Молодой подчиняясь приказу старшего, неохотно присел над двухпудовкой и расстегнул наручники. Я, поморщившись, разогнулся на стуле, потирая саднящие запястья.
- Встать! Руки за спину! – оперативник энергично вытолкал меня из кабинета и, быстро проведя через дежурную часть, втолкнул в камеру предварительного заключения, с грохотом захлопнув за мной дверь.
* * *
- Чего задумался, прокурор? – послышался хриплый голос из темного угла камеры.
Я резко обернулся и увидел небольшого роста мужичка в помятом пиджаке и тренировочных штанах, сидевшего прямо под окном, прислонившись к «шубе». Было совершенно непонятно, как я его не заметил, войдя в камеру.
Мужчина не спешил начинать разговор, только внимательно рассматривал меня, чему-то криво улыбаясь. Его небритое грубое лицо было мне неприятно и вызывало смутные, но от того еще более тревожные воспоминания. Памятью на лица я не отличался, но физиономия мужика была из той категории, которые забываются с трудом.
- Не узнаешь меня, прокурор? – через некоторое время хрипло спросил мой сосед. – Неужто я так изменился за 16 лет?
«Неужели мой «крестник»?!» - панический вопрос блокировал мою способность соображать. – «Как они могли посадить бывшего сотрудника вместе с обычным уголовником? Впрочем, в десятке только одна КПЗ. Куда ж меня еще сажать? Не в «обезьянник» же?».
- Что-то не припомню, - ответил я осипшим от волнения голосом.

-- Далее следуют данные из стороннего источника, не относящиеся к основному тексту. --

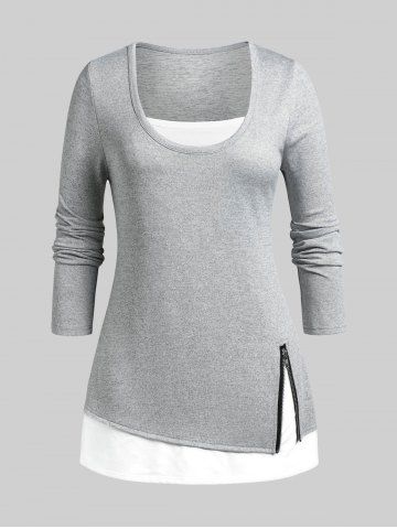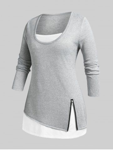 B*****b5Plus Size Zippered 2 in 1 TeeColor: GRAY Size: 3XGreat value...would definitely recommend! The fabric is so soft and comfortable...Perfect fit and shipped fast! Beautiful, exactly as pictured. Amazing quality! fits exactly by size! Great top!!!
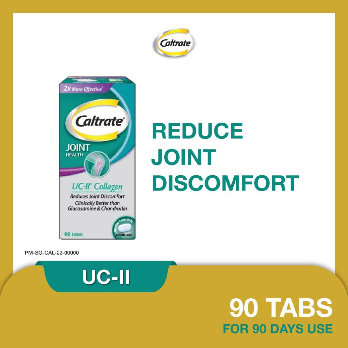Caltrate Joint Health UC-II Collagen Supplement Tablet (2X More Effective vs Glucosamine + Reduce Joint Discomfort) 90s Support your joint health with the Caltrate Joint Health Undenatured Collagen Type II (UC-II). Caltrate Joint Health UC-II contains UC-II undenatured collagen type II, a patented ingredient that has been clinically tested to reduce joint discomfort and promote healthy cartilage and joint flexibility for healthier and longer active living. MAHS2000216 **Where applicable, items have a minimum of nine-month shelf life before expiry unless otherwise stated on product description.

- А мне сдается, что ты меня прекрасно помнишь, прокурор! – мужичок сделал угрожающее движение и я напрягся, приготовившись вскочить и «ломиться из хаты». – Это ж ты меня в девяносто девятом на пятнашку упаковал за шалаву одну…
«Мальчиков!» - воспоминания нахлынули на меня как цунами. Действительно это было мое дело. Ранее четырежды судимый за грабежи Мальчиков забил ногами случайную гуляющую женщину, приглашенную им в квартиру под предлогом совместной пьянки. Свидетелем по делу проходила знакомая Мальчикова, гостившая в тот вечер у рецидивиста, и сама чудом избежавшая расправы озверевшего уголовника.
- Вспомнил я тебя, дядя! – я встал с деревянного настила и сделал шаг к двери. – Не думал, что ты уже выйдешь. Тебе ж еще тогда за полтинник было…
- А я вот вышел! – прервал меня убийца. – Тюрьма мой дом родной. И в этот раз помогла выжить. Теперь понимаю почему. Чтобы с тобой встретиться!
- И что ты мне предъявишь?! – я несколько повысил тон, рассчитывая, как лучше ударить уголовника, если он бросится на меня. – Я тебя по закону «закрыл». Собственно ты и не отрицал ничего, весь расклад сам дал… А свидетель подтвердила.
- Подтвердила! – передразнил Мальчиков. – Да эта шалава только чудом ушла тогда из моей хаты. Если бы я бухой не был, то она бы не ускользнула и ментов бы с улицы не привела.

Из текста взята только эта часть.